START Dataset content
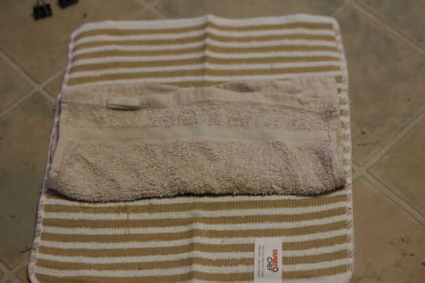 2. dobla el trapo a la mitad y colocar en el centro de la toalla de plato. (este trapo extra añade absorbencia. Si la toalla restregar que encontrado es muy gruesa, puede que desee omitir el trapo. No ser tentados a ligar más que las 3 capas que se muestra o su swiffer voluntad rollaround en el cojín y le molestan).
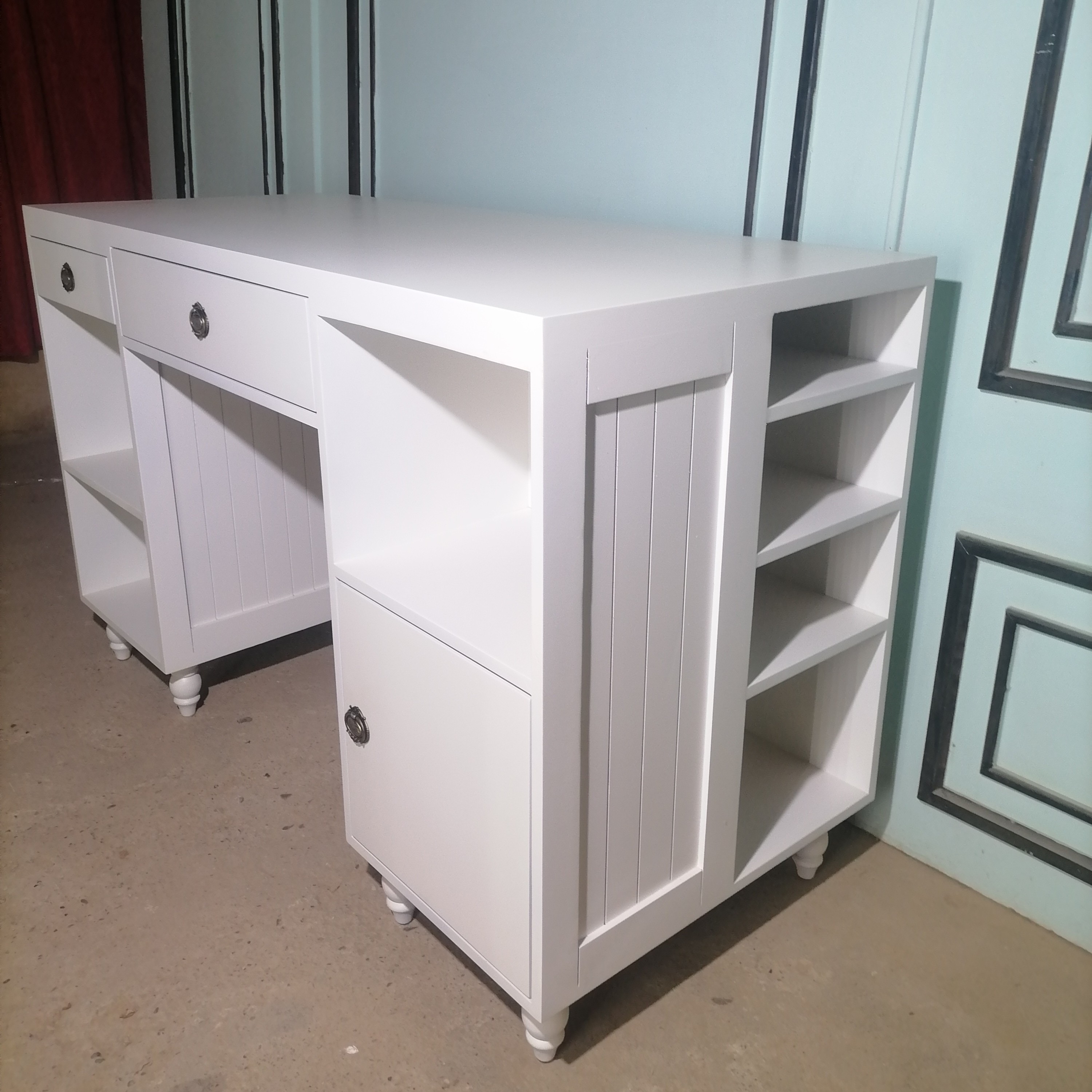 میزتحریر کتابخانه دار جدید جادار سفید سایز 140 این میزتحریر چندین کاربرد داره ✍🏻🥰 میزتحریر،میزمطالعه،میزطراحی و کتابخانه. به شدت جادار و مناسب تمامی سنین. ابعاد میزتحریر : 140.60.80 متریال 🪵 پایه ها چوب روس ، بدنه ام دی اف خام ،رنگ پوششی و پلی استر رنگ تصویر سفیده ولی رنگبندی کاملا دلخواه شماست 🌈 ارسال به سراسر کشور داریم 🚛 هزینه ارسال به عهده مشتری و به صورت میباشد
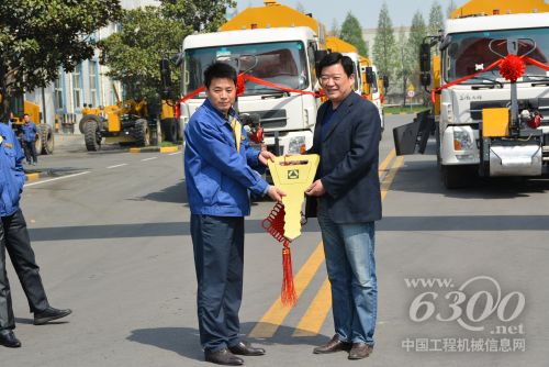 2014年4月4日,徐州市公路处采购徐工养护设备批量发车仪式在徐工道路机械事业部隆重举行。发车仪式现场,随着徐工道路营销公司养护机械营销部部长周广元将象征着这批启程出发设备的金钥匙交付给徐州市公路局,现场响起了热烈的掌声。
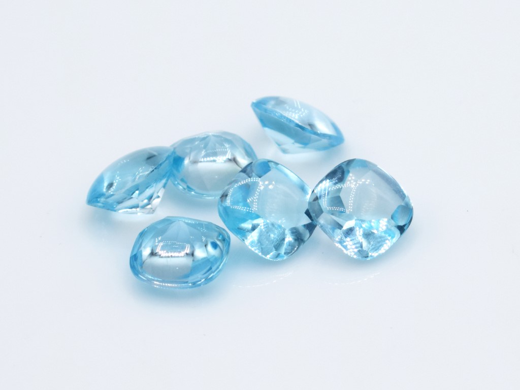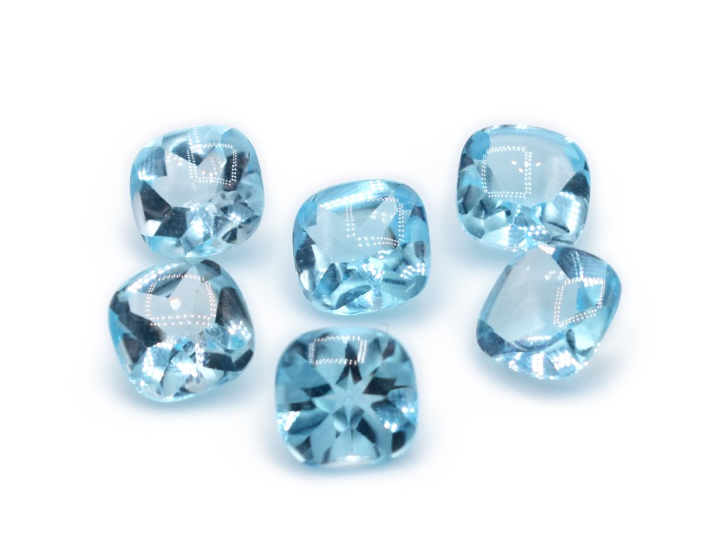 Lotto di topazi blu, forma quadrata, taglio buff top, misure 12x12
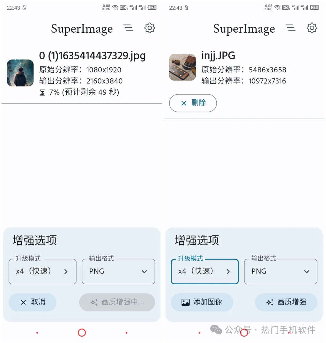 这款画质修复软件界面简洁干净,使用也异常简单,我们使用时,只需添加好图片,然后在“增强选项”,设置好你需要提升的画质清晰度及分辨率。接下来就交给这款图片处理神器就行啦。
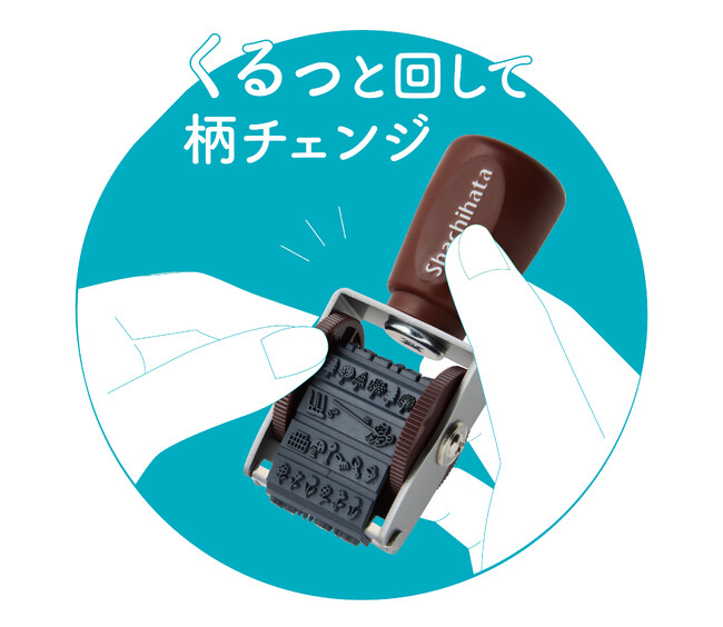 ダイヤルを回転するだけで印面の切り替えができ、このスタンプ1つで10種類の絵柄を楽しむことができます。
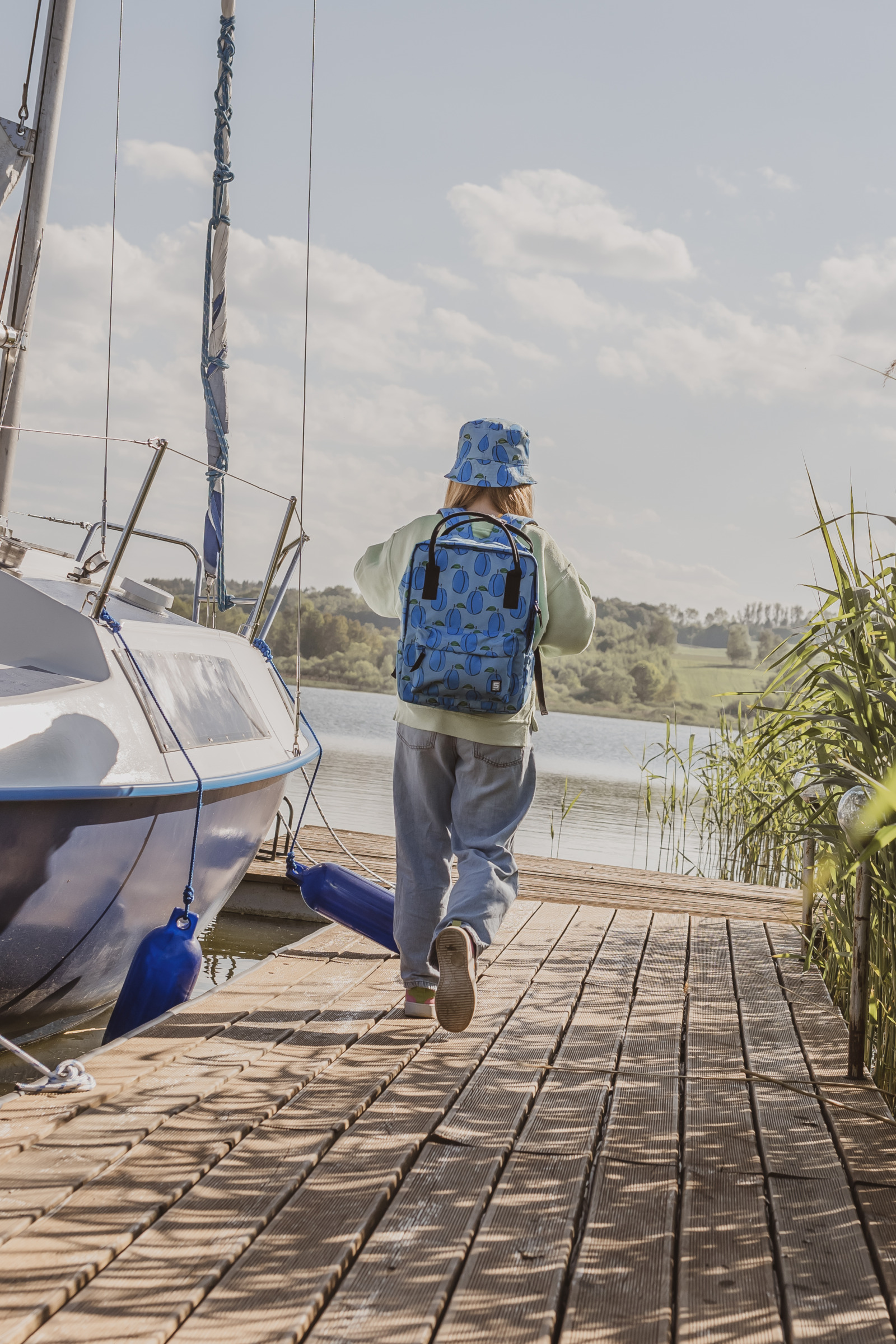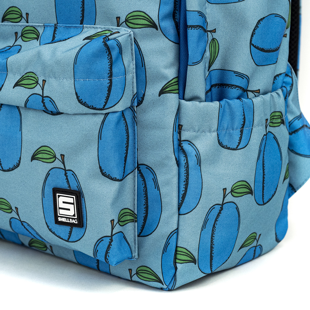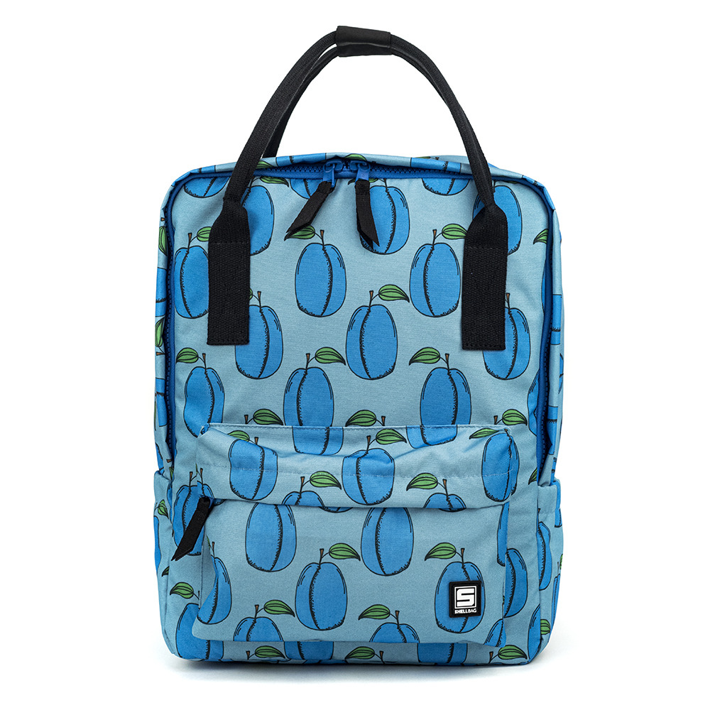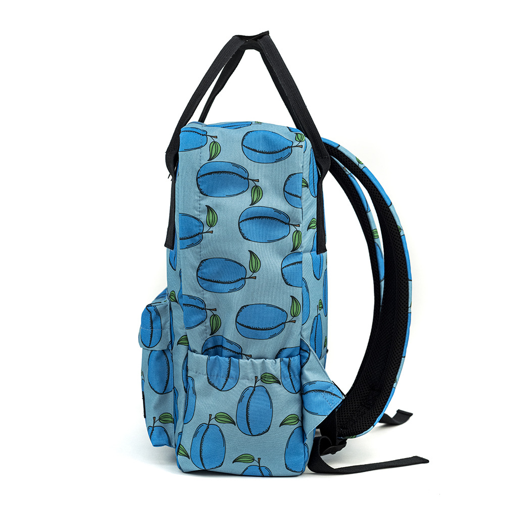 Elegante mochila urbana con estampado de ciruelas.
END Dataset content
_Problem_. Above are the records; copy exactly the lines from the one with "میزتحریر کتابخانه دار" through the one with "2014年4月4日,徐州市公", including both, and nothing more. Leave out pictures.

_Answer below_.
 میزتحریر کتابخانه دار جدید جادار سفید سایز 140 این میزتحریر چندین کاربرد داره ✍🏻🥰 میزتحریر،میزمطالعه،میزطراحی و کتابخانه. به شدت جادار و مناسب تمامی سنین. ابعاد میزتحریر : 140.60.80 متریال 🪵 پایه ها چوب روس ، بدنه ام دی اف خام ،رنگ پوششی و پلی استر رنگ تصویر سفیده ولی رنگبندی کاملا دلخواه شماست 🌈 ارسال به سراسر کشور داریم 🚛 هزینه ارسال به عهده مشتری و به صورت میباشد
 2014年4月4日,徐州市公路处采购徐工养护设备批量发车仪式在徐工道路机械事业部隆重举行。发车仪式现场,随着徐工道路营销公司养护机械营销部部长周广元将象征着这批启程出发设备的金钥匙交付给徐州市公路局,现场响起了热烈的掌声。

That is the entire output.